Conversely, those cases also demonstrate that Principal may seek damages for expenses incurred as in connection with issuing the Policy. As here, the operative complaints in both Berck and Snyder sought declaratory judgment that the policy-at-issue was void for failure of an insurable interest at the time of procurement and/or void due to material misrepresentations.78 Insurance Trust attempts, in part, to distinguish the complaints in those cases as reciting certain damage expenses within the body of specific counts for declaratory relief. For instance, the Berck amended complaint recites:
As a result of the actions of [certain individuals or entities] leading to the procurement of the Berman Policy, which was unsupported at inception by any legally cognizable insurable interest, Sun Life has been forced to expend money and resources including, but not limited to, the costs of underwriting, issuance, payment of commissions, administration, service, and investigations associated with the Berman Policy.79
The Snyder complaint is less specific but, similarly, recites:
[D]ue to the fraudulent nature of the STOLI transaction, Lincoln is entitled to a judicial declaration that the Defendants and/or others are estopped from seeking a return of the premiums paid in connection with the Wisner Policy. To the extent that the Defendants and/or others are not estopped from seeking a return of premiums, Lincoln alternatively seeks equitable relief in the form of a declaration that it is entitled to offset any return of premiums by the costs it incurred in connection with the Wisner Policy.80
As discussed above, the respective plaintiffs could not have it both ways, i.e., seek retainment of premiums and also seek to rescind the respective policies. Each was, however, permitted to seek damages for expenses incurred as a result of the issuance of the policy-at-issue. It is true that Principal's second amended complaint does not include language within its specific counts reciting expenses or costs incurred in connection with issuing the Policy as was set forth in the Berck and Snyder complaints. Principal, however, unambiguously requests damages in its overall prayer for relief by asking the court to "[d]eclar[e] whether Principal Life may retain some or all of the premiums paid on the Rucker Policy and/or recover damages as an off-set to the costs and expenses Principal Life has incurred as a result of the issuance of the policy."81 Under the notice pleading requirement of the Federal Rules of Civil Procedure,82 the court determines that Principal's second amended complaint adequately raised a claim for damages.

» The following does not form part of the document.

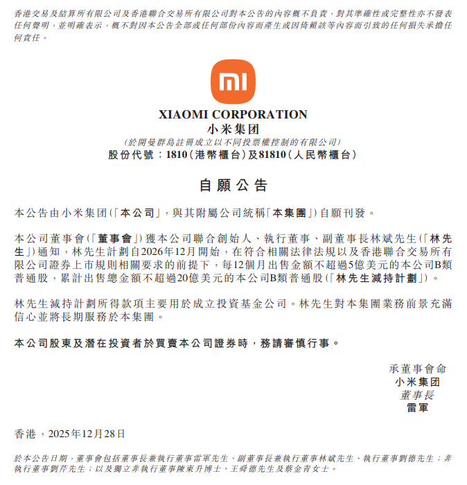 2025年12月28日晚间,小米集团-W(01810.HK)公告称,公司联合创始人、执行董事、副董事长林斌计划自2026年12月开始,每12个月出售金额不超过5亿美元的公司B类普通股,累计出售总金额不超过20亿美元。林斌表示对集团业务前景充满信心并将长期服务于集团。林斌减持计划所得款项主要用于成立投资基金公司。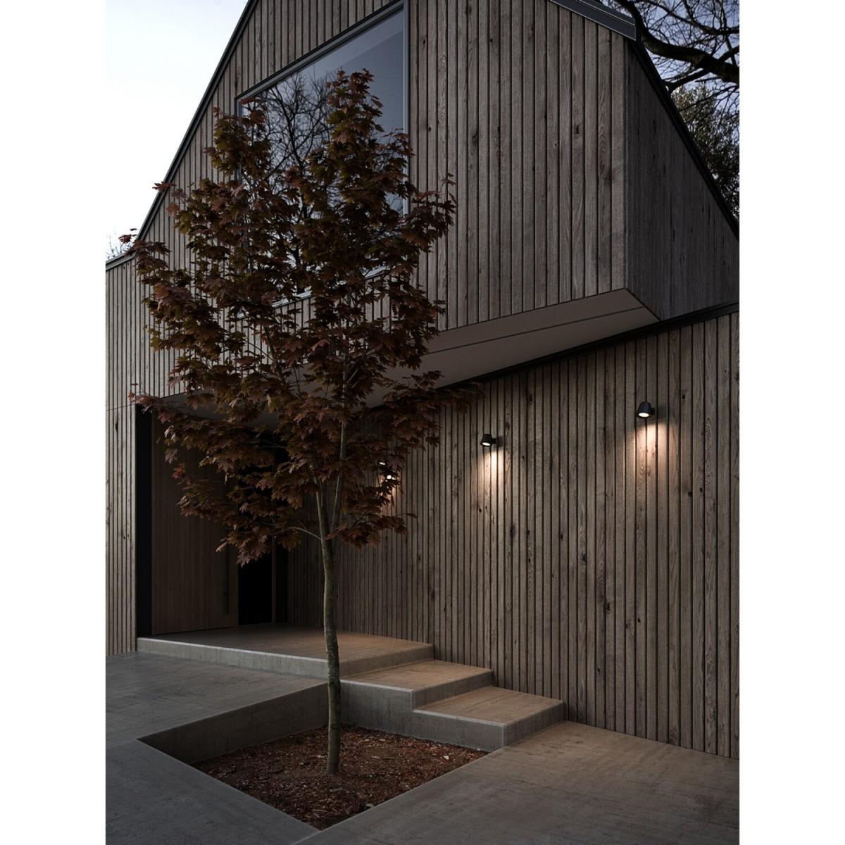Modern and compact design. Well suited for Nordlux Smart Bulb. Designed for both outdoor and bathroom use, Sleek and modern, the Aleria Outdoor Down Wall Lamp can also be used for indoor bathroom use. Its compact design is well suited to small spaces while the black finish is easy to pair with existing fixtures. Get the right amount of light for your space with this versatile wall fixture.

Consequently, once the evidence establishes those individuals and/or entities responsible for the "scheme or plan" to evade the law against wagering contracts resulting in the issuance of the Policy, and that such conduct is not attributable to Principal and/or its agents, Principal may be allowed to recover damages incurred as a result of the issuance of the Policy.
V. CONCLUSION
For the reasons stated above, it is ORDERED, ADJUDGED, and DECREED, that:
(1) Insurance Trust is not equitably estopped from seeking the return of premiums paid on the Policy.
(2) Principal may not retain premiums paid on the Policy.
(3) Principal has adequately raised a claim for damages.